My goal is to precipitate gold out of leached ore. Small, just to prove the concept to myself.
Cell: 1pt. canning jar, carbon cathode, s.s. anode.
Leach: NCl / Chlorox
My first run was just to get everything working. I used a battery charger, set on [email protected] 2amps. Too much current for a such a small container. Ended up dissolving the anode.
Second run. Used a bigger anode. Ran a light bulb in series (+) to cut down current. 100% better.
The "ore" I was using was just some unknown sample I found laying around the shop, probably little gold.
I leached the ore overnight or so, filtered and put in the cell.
Ran it around an hour. Observed black precip. on the bottom of the cell and on the anode.
Dried the precip. Unfortunately for me I ran out of reagent to test it, so I'm at a dead end there.
But what I did notice is that the anode was etching away, I'm pretty sure that was the black powder.
I think the next run I will bring th Ph. up to 4 or 5 before I turn it on. My thinking is it would be a little more gentle on the anode.
Am I headed down the right road here? I realize that "raw ore" is a bunch different than plated fingers and such, but mabey not so much.


----------



## Noxx (Dec 21, 2007)

I'm not sure you can run ore in a deplating cell...
First of all, does gold ore can conduct electricity ?

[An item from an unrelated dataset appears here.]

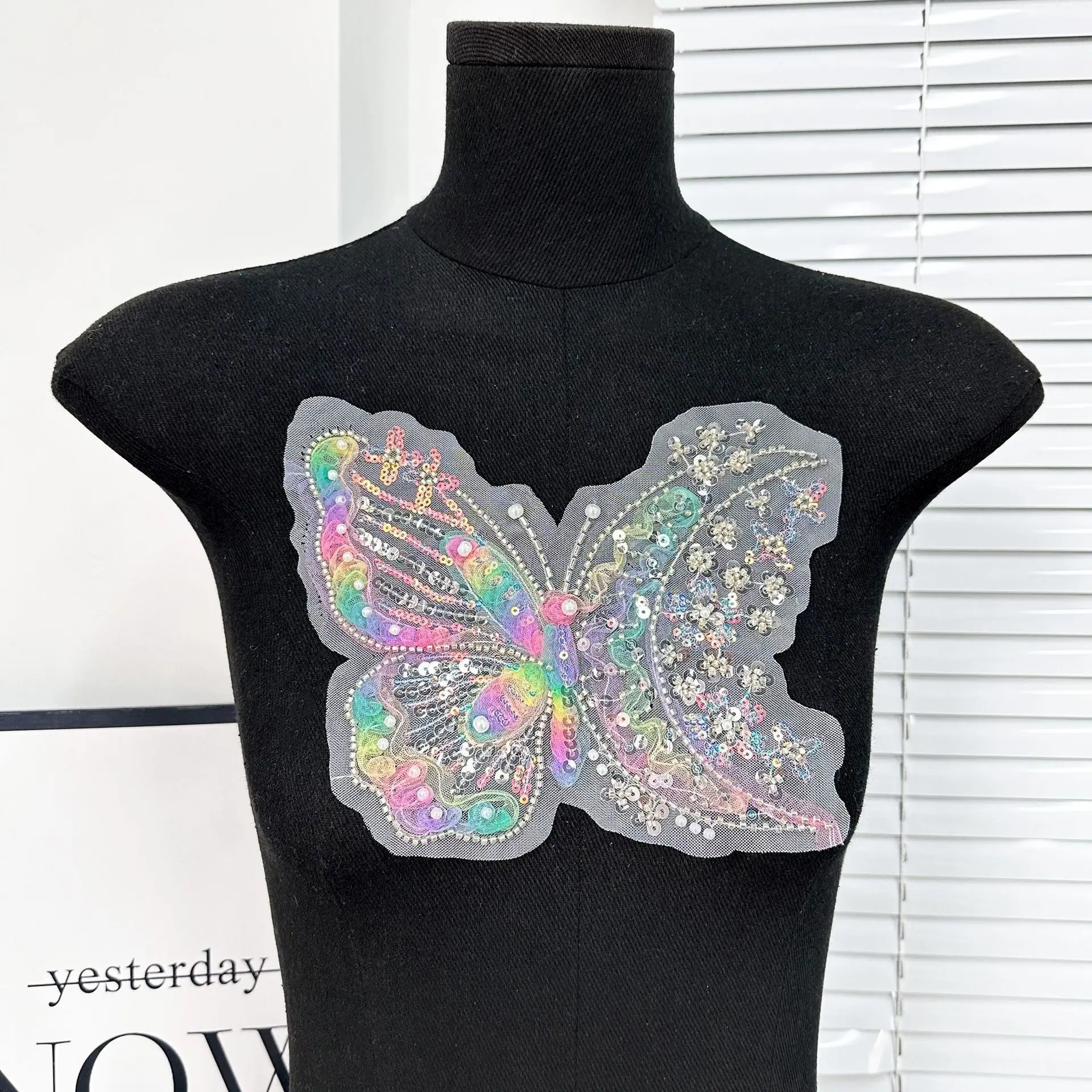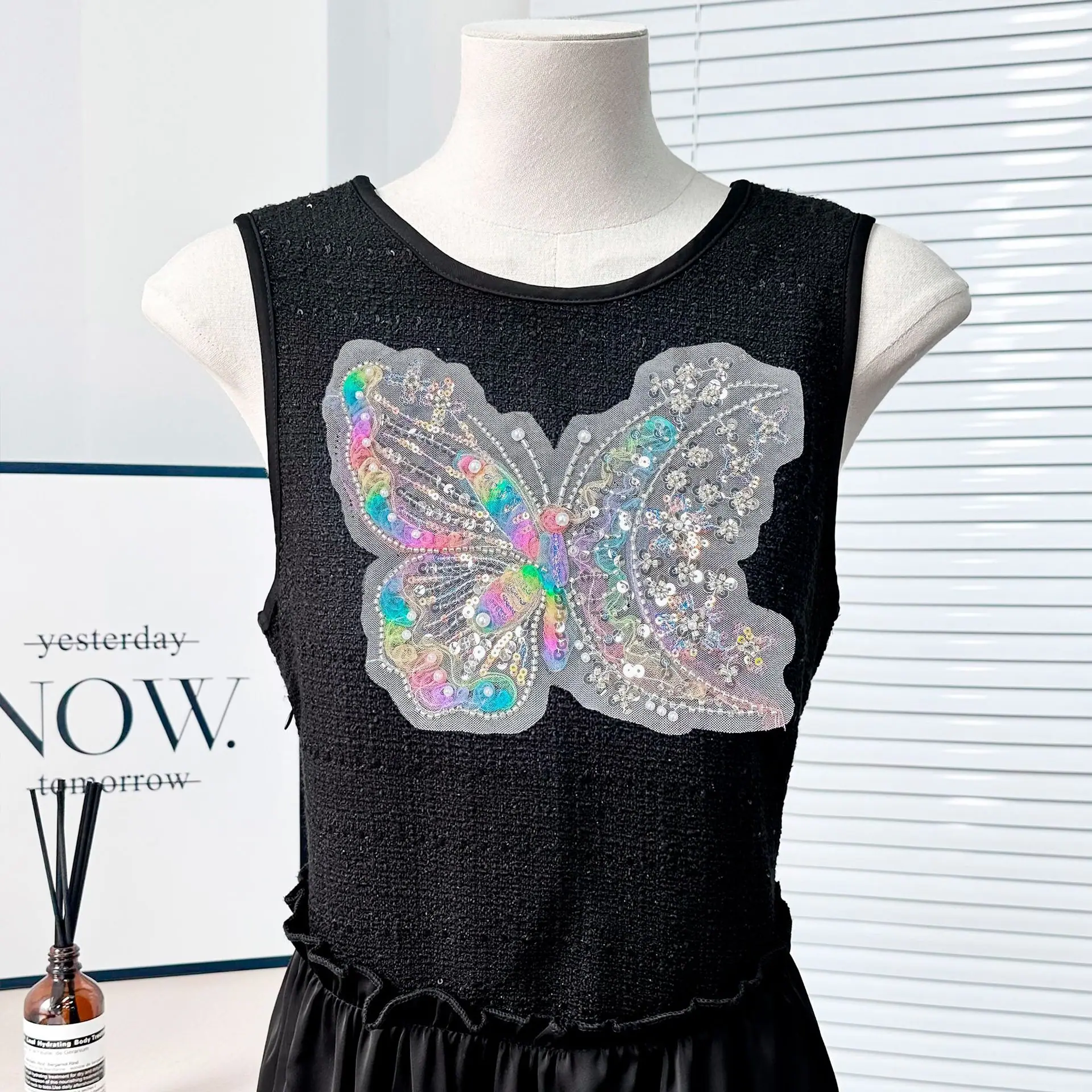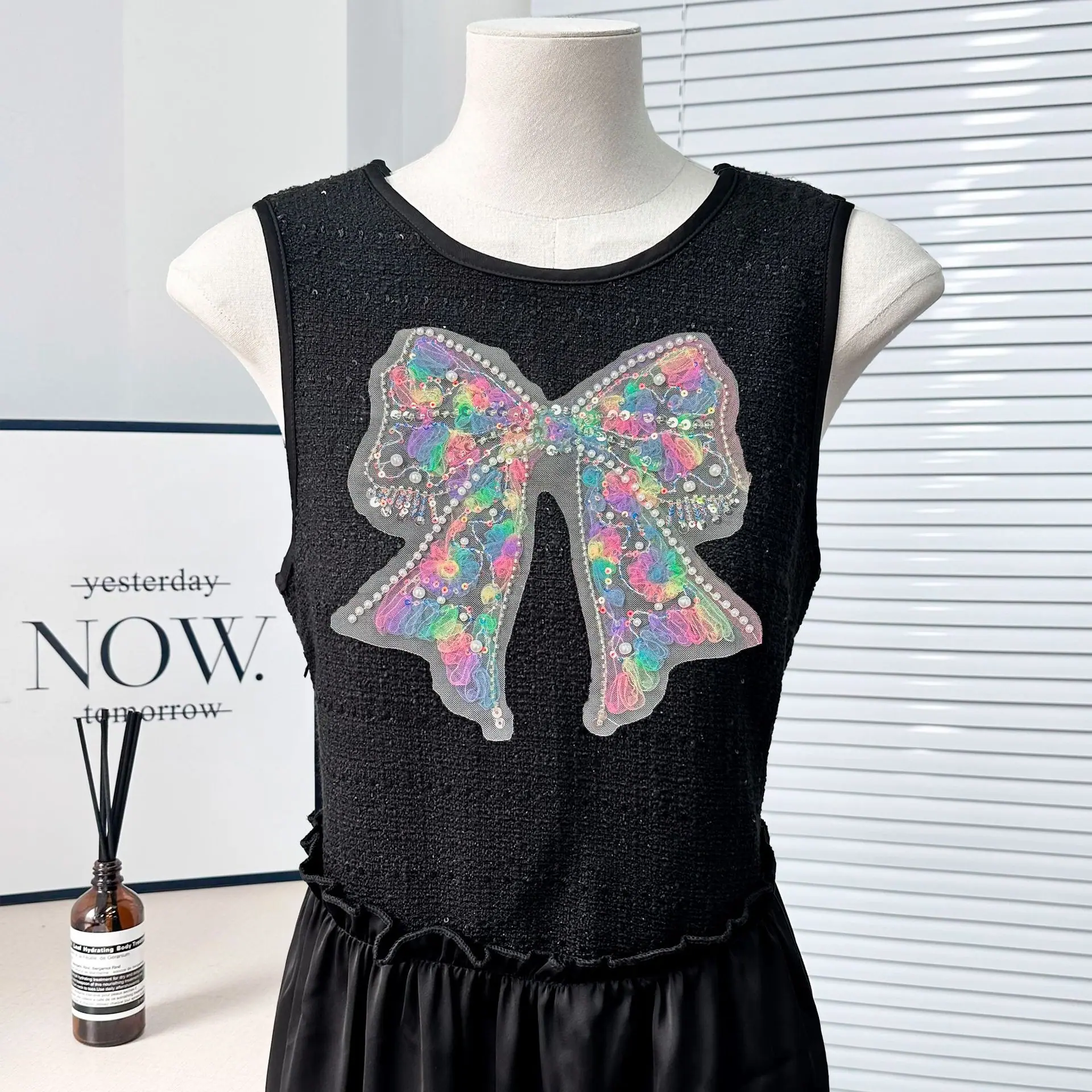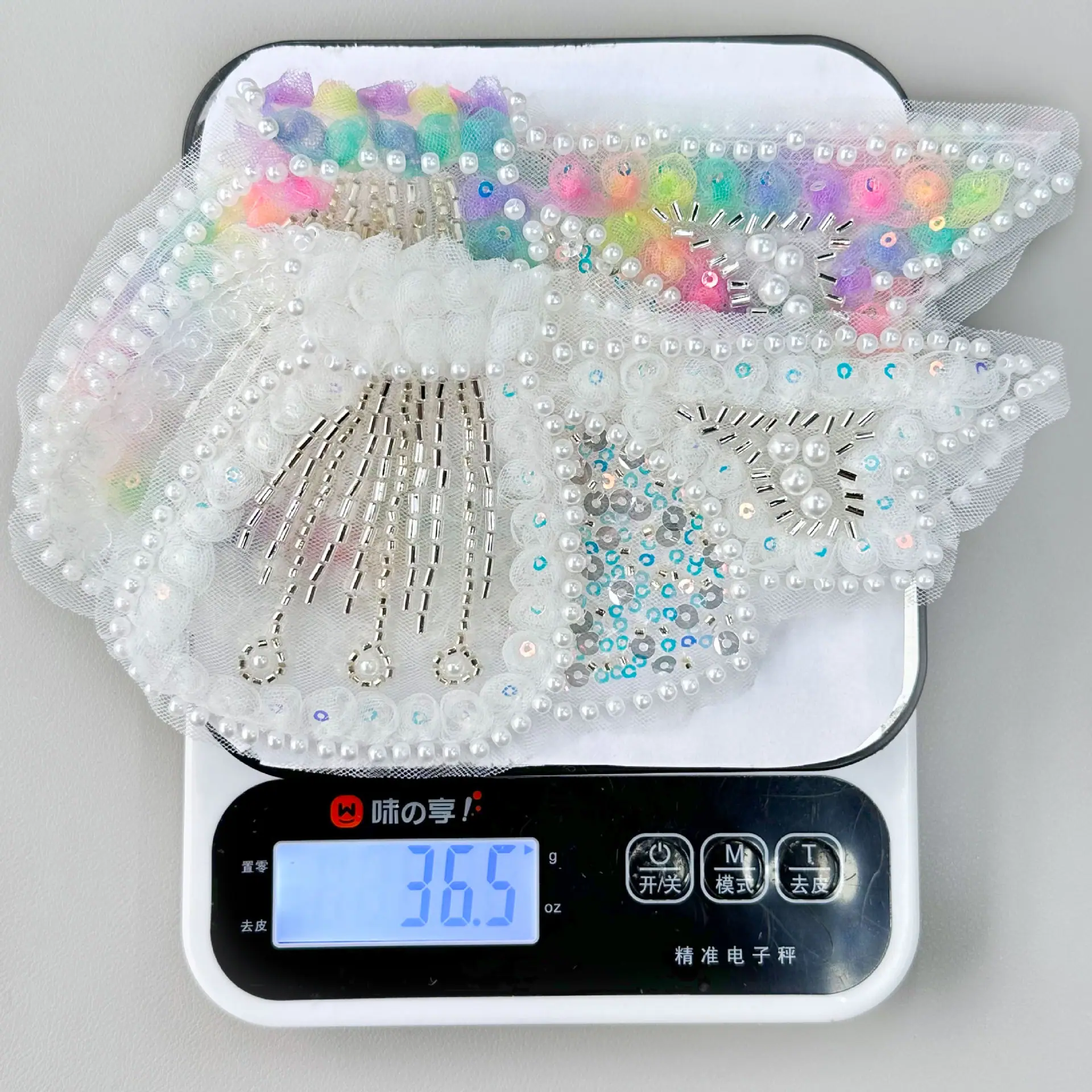 Encaje Lazo Malla Bicolor Cuentas Lentejuela Adhesivo de Tela Nuevo de Mujer Combinación con Todo Falda Suéter Decoración Accesorios de Ropa
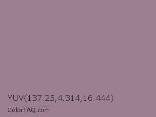 YUV 137.25,4.314,16.444 Color is a normal magenta color and the nearest color is Mountbatten Pink #997a8d. Hex code #9c7e92 and RGB value is rgb(156,126,146). In RGB color space, this color is composed of 61% red, 49% green, 57% blue, In CMYK color space, this color is composed of 0% cyan, 19% magenta, 6% yellow , 39% black , In HSL color space, this color has a hue angle of 320° , 13% saturation and 55% lightness.

Habitually, ore is finely divided prior leaching with acids/cyanides.


----------



## lazersteve (Dec 21, 2007)

Mike,

Just so I've got this right:



Mike said:


> I leached the ore overnight or so, filtered and put in the cell.



Did you put the leach liquid in the cell or the left over leached ore?

Steve


----------



## mikeore (Dec 21, 2007)

I'll try explain more clearly. The ore is crushed to powder then leached. Then filtered. The leach liquor is then electropreciped. I'm pretty sure this is how the System 3 (Action Mining) unit basicly works.
I have a copy of their cls leaching handbook. Their unit sounds like it works on the same principle except for an agitator and filter bag around the anode. It saves the step of filtering. Sounds like a very easy simple system.


----------



## lazersteve (Dec 21, 2007)

Precipitation via electricity is definitely a viable concept, but I can't say that I have any experience with the process. Sounds interesting.

Maybe GSP or someone else here can help you out with this one.

Steve


----------



## mikeore (Dec 21, 2007)

Thanks. I have trying to read as much of the Forum as I can, lot's of reading to get up to speed. I will get pictures and notes on this when I can.
Cracked open a bottle of wine and I'm fellin fine. Goodnight.


----------



## mikeore (Dec 23, 2007)

Here is a pic. of some "super clorox" Calcium Hypoclorite/Sodium Bicarb.
hth super sock it shock and swim about $3.00 and change at Diamond hardware.


Here is my cell


----------



## Lino1406 (Feb 1, 2008)

1.Too high
2.Inadequate


----------